Create a custom layer

Console

Prerequisite

You have created a function. For more information, see Create a function.

Procedure

  1. Log on to the Function Compute console. In the left-side navigation pane, choose Advanced Features > Layers.

  2. In the top navigation bar, select a region. On the Layers page, click Create Layer.

  3. On the Create Layer page, configure the parameters, and then click Create.

    Parameter

    Description

    Name

    Enter a name for the layer.

    Description

    Enter a description for the layer.

    Compatible Runtime

    Select the runtimes that are compatible with this layer.

    Layer Upload Method

    Select a method to upload the layer's dependencies:

    • Upload Layer in ZIP Package

      Upload the layer's .zip file. The uploaded .zip file cannot exceed 500 MB.
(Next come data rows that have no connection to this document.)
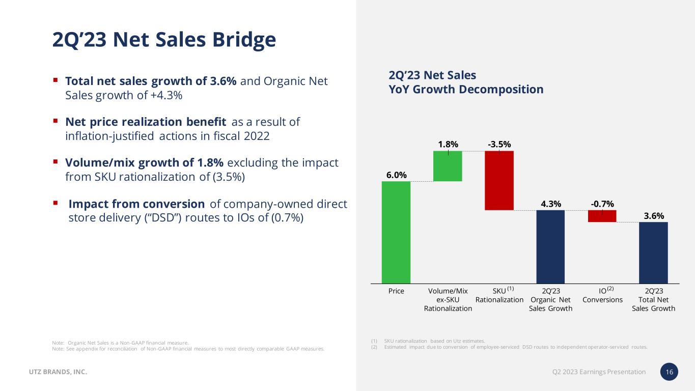 Organic Net Sales growth was driven by the flow through of pricing actions that were taken in fiscal 2022 in response to inflationary pressures which account for a 6.0% increase in net sales, partially offset by volume/mix declines of (1.7%). The volume decline was primarily due to the Company’s ongoing SKU rationalization program focused on reducing lower margin private label and certain partner brands. The Company estimates this program impacted volumes in the second quarter of 2023 by approximately (3.5%). Excluding the impact from SKU rationalization, the Company estimates that volume/mix would have increased 1.8% in the second quarter of 2023 versus the prior year period.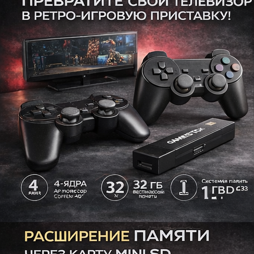 Игровая приставка GameStick 3D HDMI с двумя беспроводными геймпадами для телевизора: сравнение цен, характеристики, фото, актуальное наличие и цены.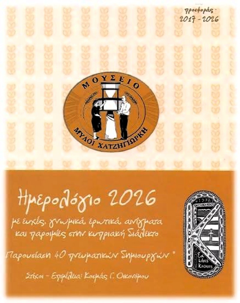 Ένα ημερολόγιο για το 2026, καταγραφής 40 Κυπρίων πνευματικών δημιουργών, με ευχές, γνωμικά, στίχους, ερωτικά αινίγματα και παροιμίες στην κυπριακή διάλεκτο, το οποίο επιμελείται (απο το 2017 που πρωτοεκδόθηκε) με ιδιαίτερη φροντίδα και αγάπη ο Κοσμάς Γ. Οικονόμου.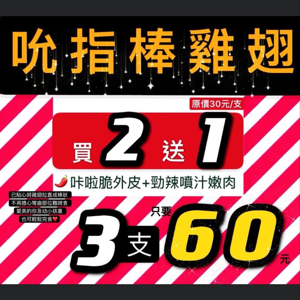 ✨#雞翅 單支30(來店買二送一,三支60元)肥厚大隻!鮮甜的雞汁 辣度剛好~是咔啦雞外皮(串成直立式)很好咬,?炸地瓜 大份$50(撒甘梅粉)香甜酥脆。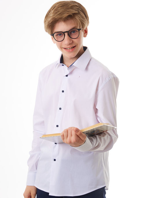 Классическая белая сорочка на кнопках подойдет в школу, на праздник и на выпускной. Модель полуприлегающего силуэта с длинным рукавом и контрастным темно-синим внутренним воротником-стойкой. Сорочка выполнена из качественной ткани с высоким содержанием вискозы, что позволяет вашему ребенку чувствовать себя комфортно. Сорочка идеальна для гардероба как часть школьной формы, она идеально сочетается с классическими брюками. Широкий размерный ряд позволяет подобрать сорочку как для детей школьного возраста, так и для подростков. Стильная сорочка станет модной вещью в гардеробе вашего сына. Состав:65% полиэстер, 35% вискоза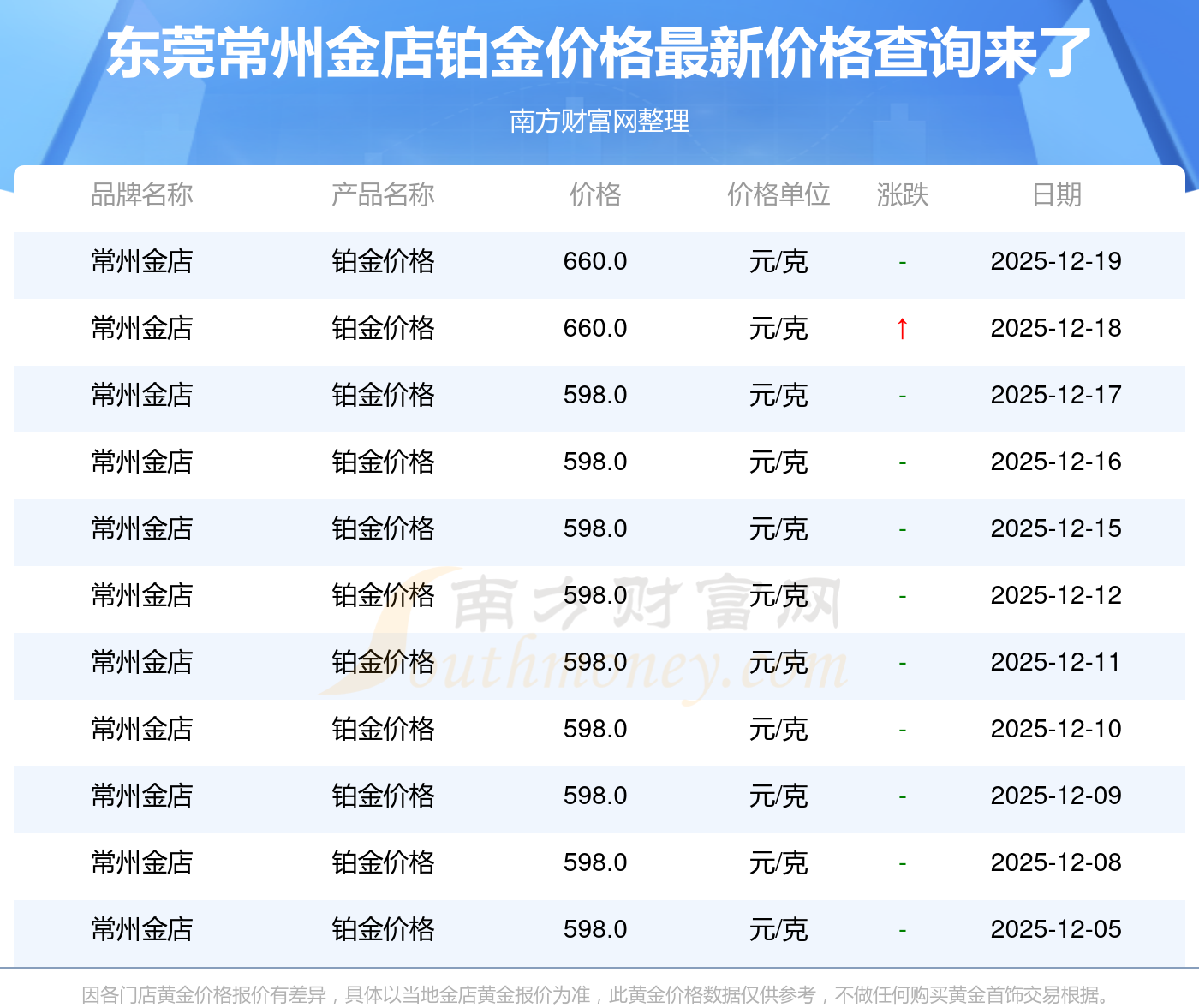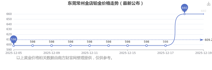 東莞常州金店在 2025年12月21日的鉑金價(jià)格零售價(jià)格為 660.0元/克。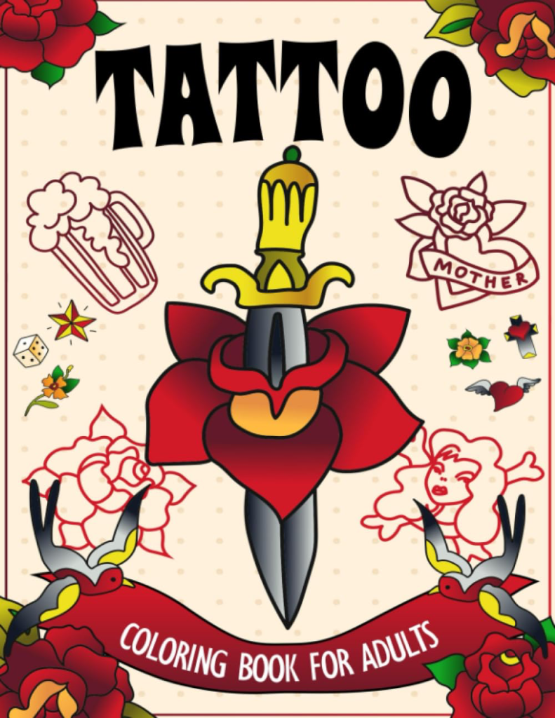- Tattoo – Colouring book for adults, https://www.amazon.co.uk/Tattoo-Coloring-Book-Adults-Relaxation/dp/B0CHVZLB37/ref=asc_df_B0CHVZLB37/?tag=googshopuk-21&linkCode=df0&hvadid=658883960063&hvpos=&hvnetw=g&hvrand=6827682428901774758&hvpone=&hvptwo=&hvqmt=&hvdev=c&hvdvcmdl=&hvlocint=&hvlocphy=9046256&hvtargid=pla-2205851744366&psc=1&th=1&psc=1 [Accessed 4/11/2023 ] ↩︎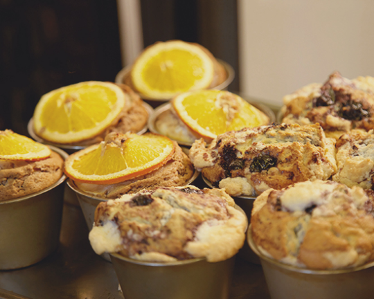 温かみのある店内には、フルーツがごろっとまるまる。季節を感じられるマフィンがずらりと並びます。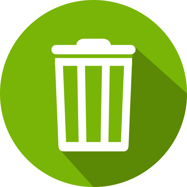 This features a green circle with an icon of a trash can inside it. This symbol is commonly used to represent waste disposal or recycling. The color of the circle and the trash can's icon are both bright, making them stand out against the background. The design of this symbol suggests that it could be used in various contexts related to waste management or environmental awareness.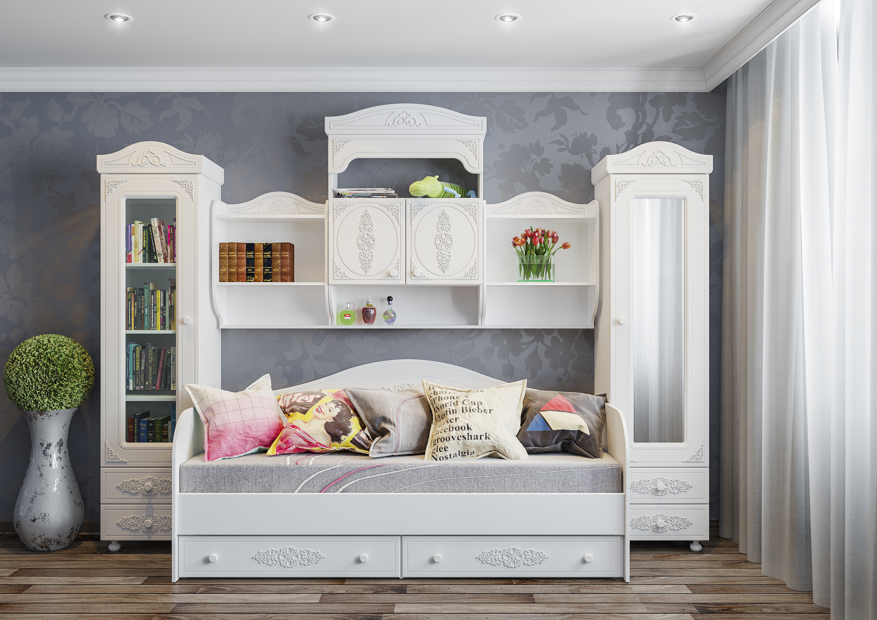 «Ассоль» выпускается только в одном цвете «белое дерево». Для нее характерен мягкий мерцающий глянец и эксклюзивный узор, повторяющийся на фасадах всех моделей. В линейку входит более 50 модулей, отлично сочетающихся друг с другом и позволяющих создавать индивидуальный интерьер.

    • Upload Layer in Folder

      Select a folder that contains the layer's contents. Function Compute automatically compresses the folder into a .zip file, which cannot exceed 500 MB.

    • Upload Layer Using OSS

      Specify the Bucket Name and Object Name of the layer's .zip file in Object Storage Service (OSS). The selected OSS object cannot exceed 500 MB.

    • Build Dependency Layer Online

      Select this option to build a layer directly from a dependency file. This method is supported for Python (requirements.txt) and Node.js (package.json) applications, and for installing lightweight system libraries. Paste the contents of your dependency file into the editor, and the system automatically installs the dependencies to create the layer.

    Build Environment

    If you select Build Dependency Layer Online, you must select the runtime to use for building the dependency layer.

    Note

    Currently, only the Python and Node.js runtimes support building dependency layers online.

    apt command

    If you select Build Dependency Layer Online and need to install software packages into the layer, you can enter the names of the dependencies in the input box after apt install.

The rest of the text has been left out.